There were no leads. At this
point, I had lost my focus, perhaps even my
determination. Maybe Terry was
right after all. I began to wonder if any of
this was really worth it anymore. Then, when I
stopped wondering, I quit." [22]
Getting
Back in the Saddle
The
hoopla related to the release of the Oliver Stone film, JFK (1991), brought new
interest in the assassination, and Ernest's occasional newspaper articles and radio
appearances gave rise to him being asked to lead discussion groups on the
topic, though his new efforts would be less frequent due to his job
responsibilities.
Ernest
began going back to the National Archives again. In May, 1999, Ernest made a
discovery regarding Victoria Adams in a letter to J. Lee Rankin, General
Counsel for the Warren Commission, dated June 2, 1964. In the letter, Martha
Joe Stroud, Assistant United States Attorney under Barefoot Sanders, was
forwarding corrections of Victoria Adams testimony given to David Belin. Stroud
also stated that, "Mr.
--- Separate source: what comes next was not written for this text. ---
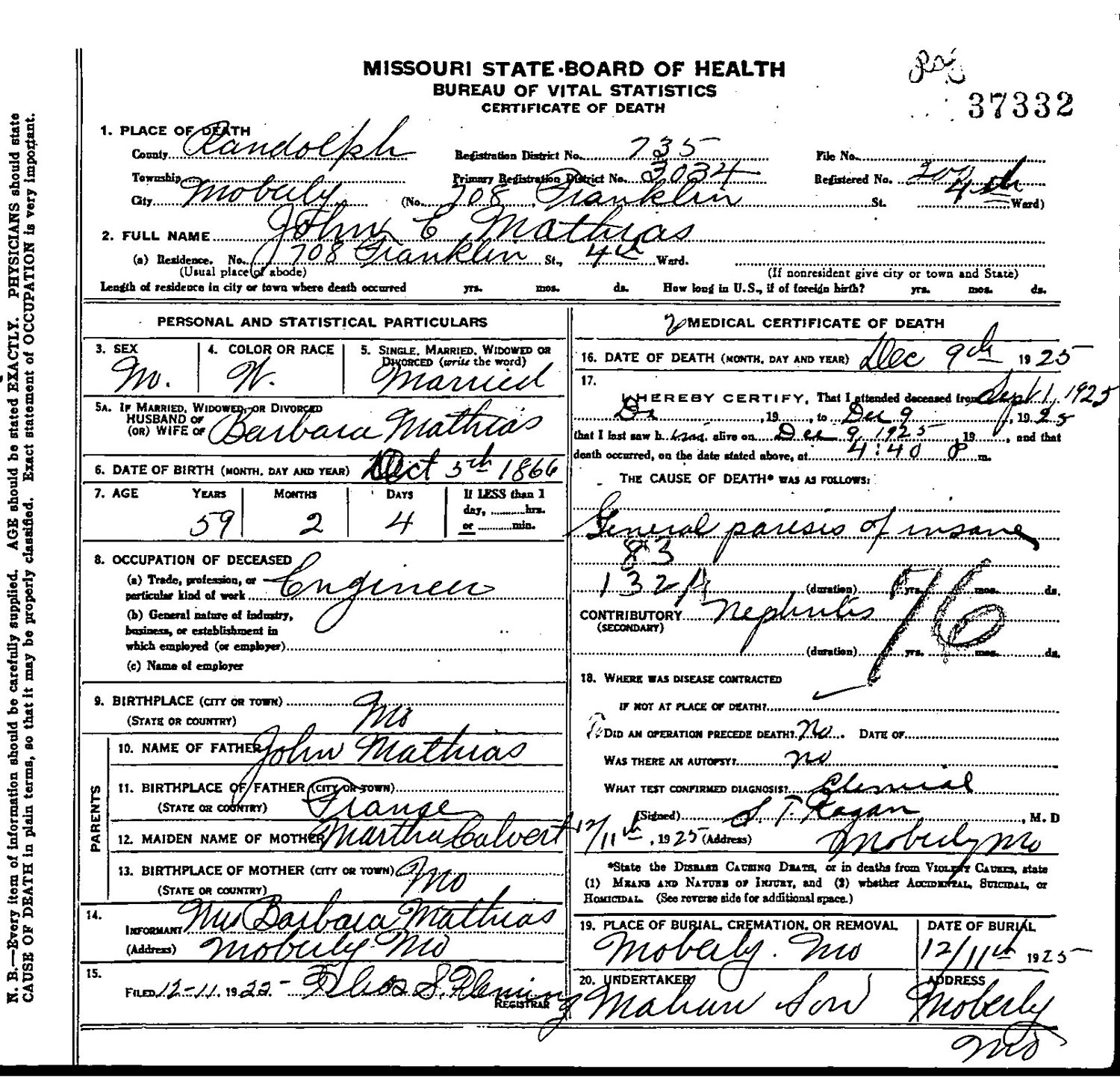 Married: November 02, 1863 in St Louis Co., Missouri; St. Mary''s and Joseph Catholic Church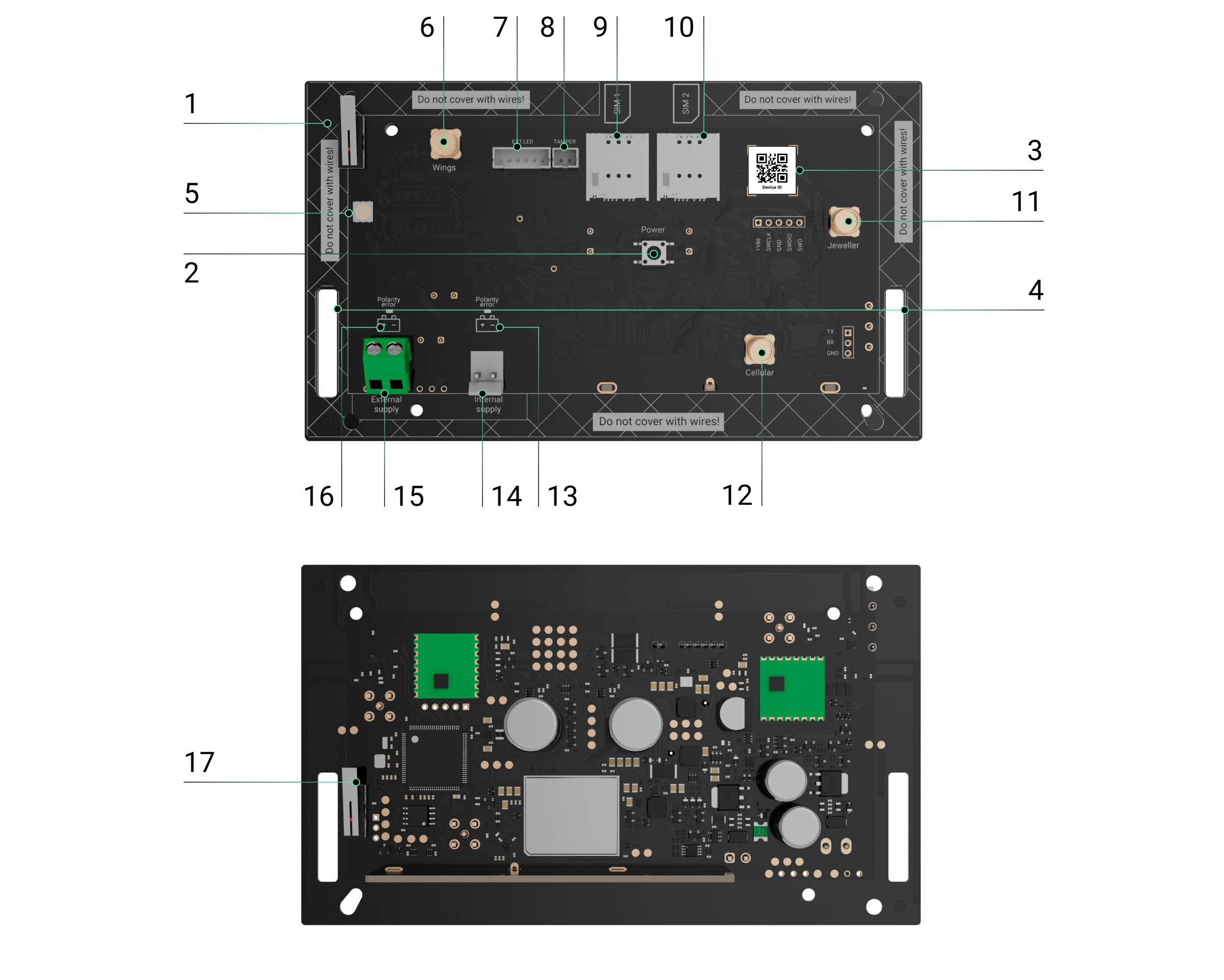- Bouton anti-sabotage côté arrière. Non utilisé dans cette version de la centrale. Dans Hub BP Jeweller, cela signale des tentatives de détacher le boîtier de la centrale de la surface.

Bellin (sic) was questioning Miss Adams whether or
not she saw anyone as she was running down the stairs. Miss Garner, Miss Adams
supervisor, stated this morning that after Miss Adams went downstairs, she
(Miss Garner) saw Mr. Truly and the policeman come up." [23]
That
letter pinpointed the time of Victoria Adams and Dorothy Styles going down the
stairs quite closely, it also appeared to lend credence to Oswald's alibi that
he was in the lunchroom during the assassination, and not on the sixth floor.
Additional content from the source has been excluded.